Daily Mail

At last, pay edges above levels it hit in pre-crash 2008

- By James Salmon Associate City Editor

AVERAGE wages have finally edged above pre-financial crisis levels – ending a 12-year squeeze on workers.

The Office for National Statistics said pay packets adjusted for inflation are worth more than before the 2008 crash.

Following an annual rise of 1.8 per cent, average weekly earnings excluding bonuses hit £474 – £1 above the £473 pre-downturn peak of March 2008. The ONS revealed a surge in the female workforce pushed the number of people in jobs to a record high.

Sarah Coles, a personal finance analyst at Hargreaves Lansdown, said: ‘We lost a dozen years of wage growth to the financial crisis, but we’re finally emerging from the other side – pay is now higher than it was back in March 2008.’ Experts said the fact it has taken over a decade to reach this point highlights the toll of the financial crisis.

In many cases pay rises were wiped out by inflation, meaning workers saw the spending power of their wages fall.

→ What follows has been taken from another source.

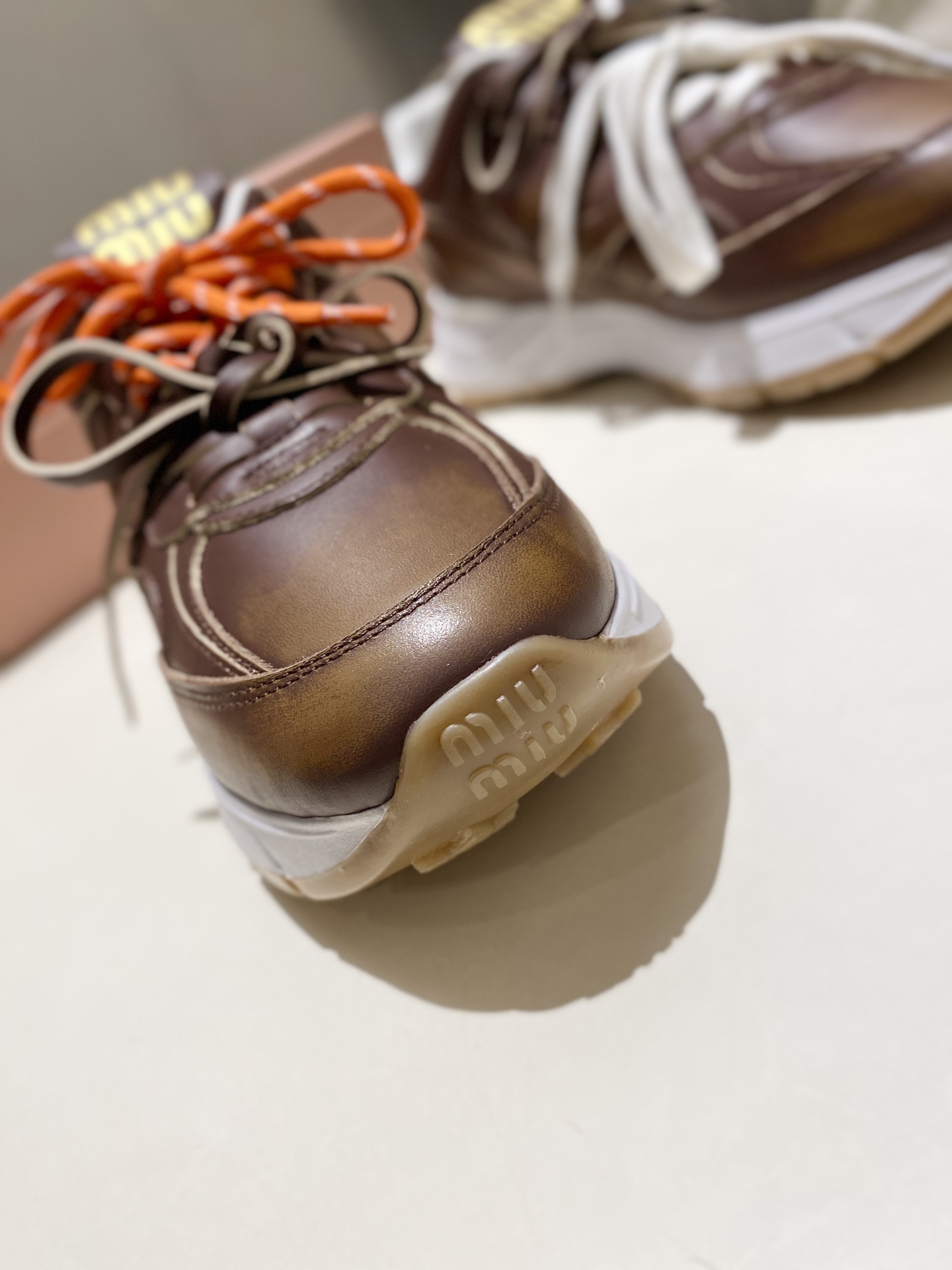这款鞋子是AAAAA 1:1 质量 (非常棒). 使用了和原版一模一样的材料. 商标部分也保持了和缪缪/Miu Miu一样. 图片拍摄是实物鞋子拍摄, 您所收到的实物保证和我们图片一模一样.

Nye Cominetti, senior economist at the Resolution Foundation think-tank, said it showed ‘what a living standards disaster our pay packets have been’. Yesterday the government pointed out wages are growing significan­tly faster than inflation, which is boosting people’s spending power. Employment minister Mims Davies said: ‘Workers can expect their money to go further as we look ahead to a decade of renewal.’

÷ALMOST 2,000 people a day found a job in the final three months of last year – with the workforce surging by 180,000 to hit a new high of 32.93million, the ONS said.